*** Block opens ***

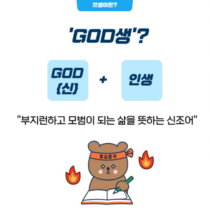◇ 유상원> '갓생'이 뭔지 간략하게 설명해주실 수 있나요?◆ 박소영> 갓생이란 신을 뜻하는 영단어 갓과 인생을 합친, 부지런하고 모범적인 삶을 산다는 의미의 단어입니다. 단어 앞에 god을 붙임으로써 그 단어를 높이고 특별하게 만드는 하나의 신조어가 '인생'에도 붙은 것입니다. 대학생인 제가 성적을 만점 가까이 유지하며, 대인 관계가 원만하고, 대외활동과 교내활동을 열심히 하며 스펙도 쌓는 것을 보고 갓생을 산다고 합니다. 요즘 MZ세대 사이에서 갓생 살기는 하나의 트랜드가 되었습니다.
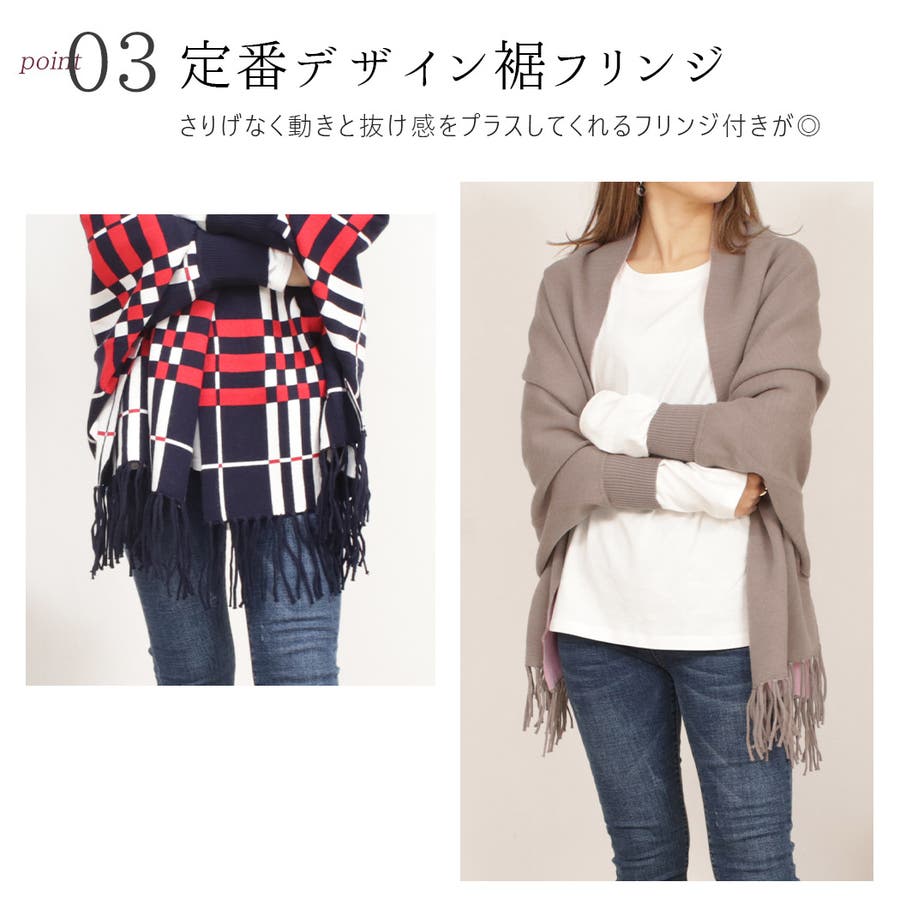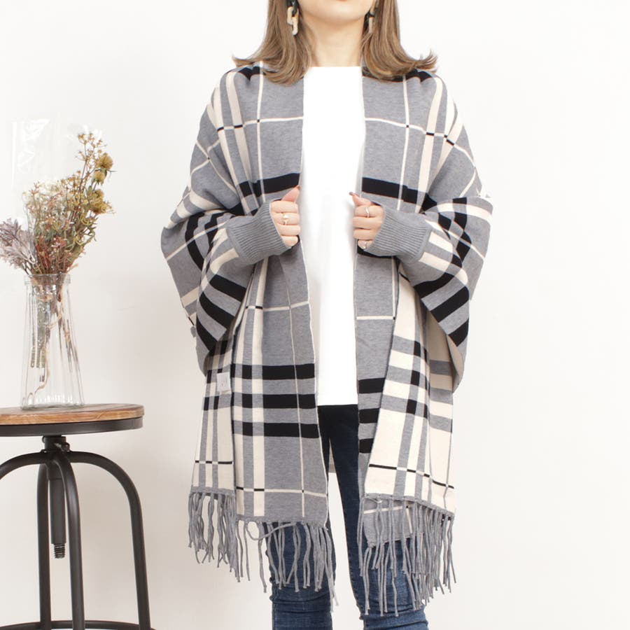 カーディガンタイプのストール探していましたまさしく私の希望が全然入った商品見つけてしまいました買われたレビューがみんな良かったので心配はなかったですが実際商品届いたら生地感もしっかりしていてチェックも素敵でした袖があるから落ちる事もなくやっぱり買ってとても満足しています
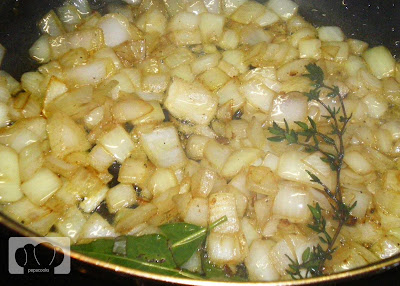Aprovechando ese aceite rehogamos la cebolla junto al laurel y el tomillo. Cuando se transparente, como hijo de cristalero, iremos incorporando las setas y el tomate. Dejamos rehogar el conjunto unos cinco minutos.
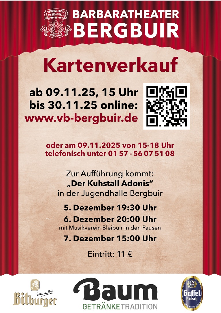 Der Vereinsbund „De Hommele“ Bergbuir e.V. besteht aus den Abteilungen Theater, Tischtennis, Dorfverschönerung, Karneval, Heimat & Brauchtum, Junggesellen und Tambourcorps.Die Jugendhalle Bergbuir befindet sich im Eigntum des Vereins und dient den Abteilungen als Versammlung-, Trainings- und Probenort sowie zur Ausrichtung von Veranstaltungen. Sie kann zur Durchführung privater Feierlichkeiten gemietet werden. |
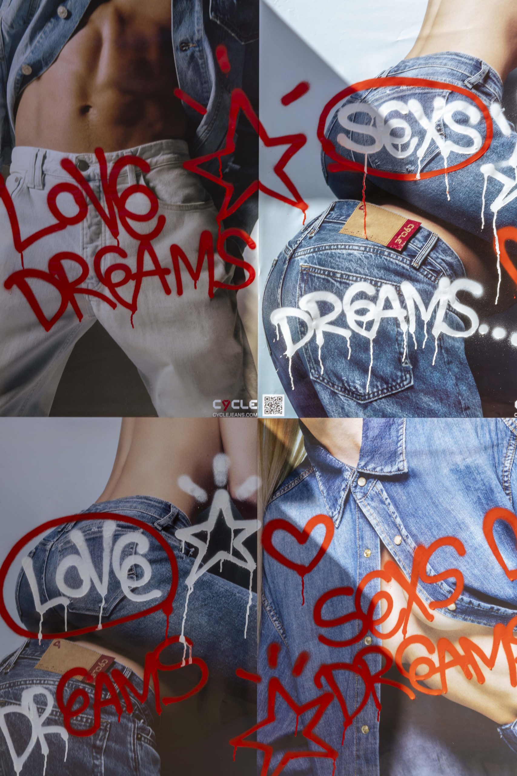 Cycle marchio di luxury denim 100% made in Italy lancia la sua campagna Spring Summer 23 mediante un’attività di wild posting in collaborazione con l’artista Sexs Dreams, il quale ha realizzato il suo tag live personalizzando le immagini della campagna.
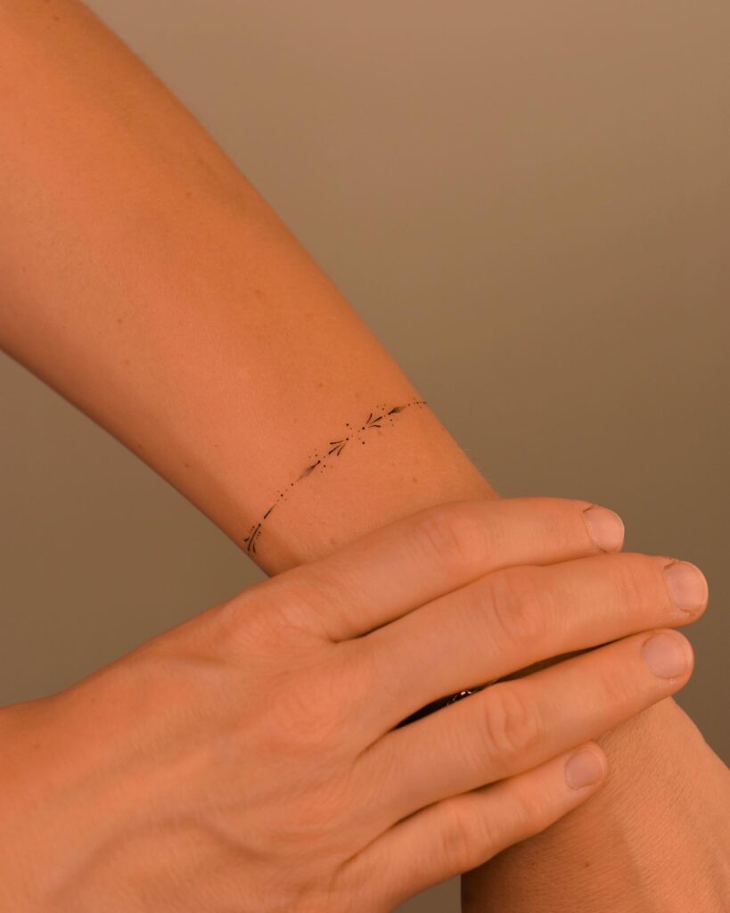 This ultra-fine wrist bracelet tattoo features a delicate ornamental pattern made of dots, tiny lines, and subtle geometric elements. The design wraps softly around the wrist, forming a barely-there bracelet that feels effortlessly elegant.
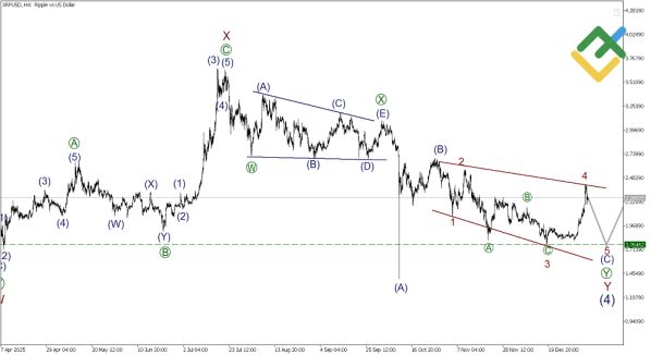 Актив XRPUSD в глобальной перспективе развивает бычий импульс (1)–(5). Текущая фаза — коррекция (4), принимающая форму двойного зигзага W-X-Y. Внутри финальной волны Y наблюдается подструктура [W]-[X]-[Y], где уже завершены импульсная волна (A) и коррекция (B).
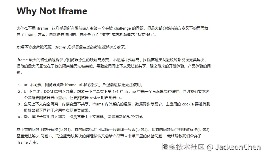 iframe 是浏览器提供的“物理”硬隔离方案,简单粗暴且隔离性最强,但牺牲了用户体验、通信效率和资源复用。它解决了“安全地嵌入”的问题,但难以解决“无缝地集成”的问题。
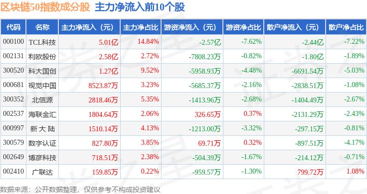资金流向方面,区块链50(399286)指数成份股当日主力资金净流出合计27.0亿元,游资资金净流出合计1536.3万元,散户资金净流入合计27.15亿元。成份股资金流向详情见下表:
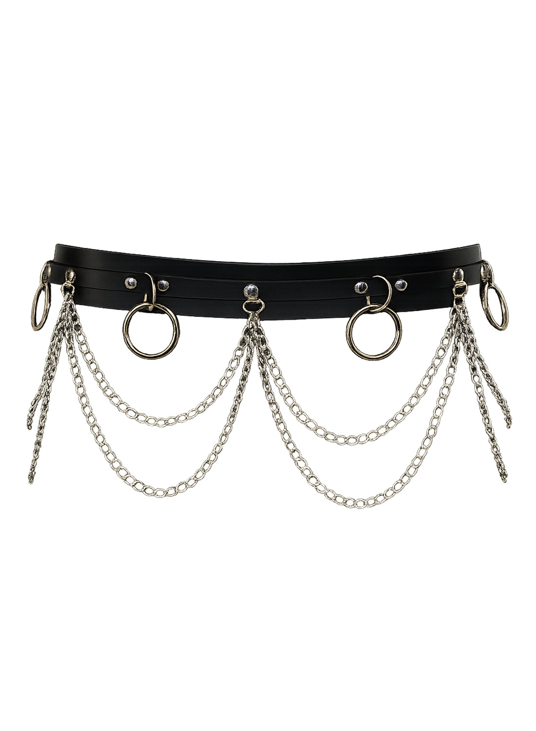 Metal Side Chain Belt is a stylish and rebellious waist belt inspired by Gothic Rock,punk and alternative streetwear. The design combines black faux leather with decorative metal rings and multiple layers of dangling silver chains. The result is an accessory that gives your outfit a clear attitude and a unique character.

*** Block closes ***

• [THE TASK]:
These lines alone form the answer: the one containing "Актив XRPUSD в" and every line after it through the end of the material, exactly as written, pictures left out.

• [EXERCISE RESPONSE]:
 Актив XRPUSD в глобальной перспективе развивает бычий импульс (1)–(5). Текущая фаза — коррекция (4), принимающая форму двойного зигзага W-X-Y. Внутри финальной волны Y наблюдается подструктура [W]-[X]-[Y], где уже завершены импульсная волна (A) и коррекция (B).
 iframe 是浏览器提供的“物理”硬隔离方案,简单粗暴且隔离性最强,但牺牲了用户体验、通信效率和资源复用。它解决了“安全地嵌入”的问题,但难以解决“无缝地集成”的问题。
资金流向方面,区块链50(399286)指数成份股当日主力资金净流出合计27.0亿元,游资资金净流出合计1536.3万元,散户资金净流入合计27.15亿元。成份股资金流向详情见下表:
 Metal Side Chain Belt is a stylish and rebellious waist belt inspired by Gothic Rock,punk and alternative streetwear. The design combines black faux leather with decorative metal rings and multiple layers of dangling silver chains. The result is an accessory that gives your outfit a clear attitude and a unique character.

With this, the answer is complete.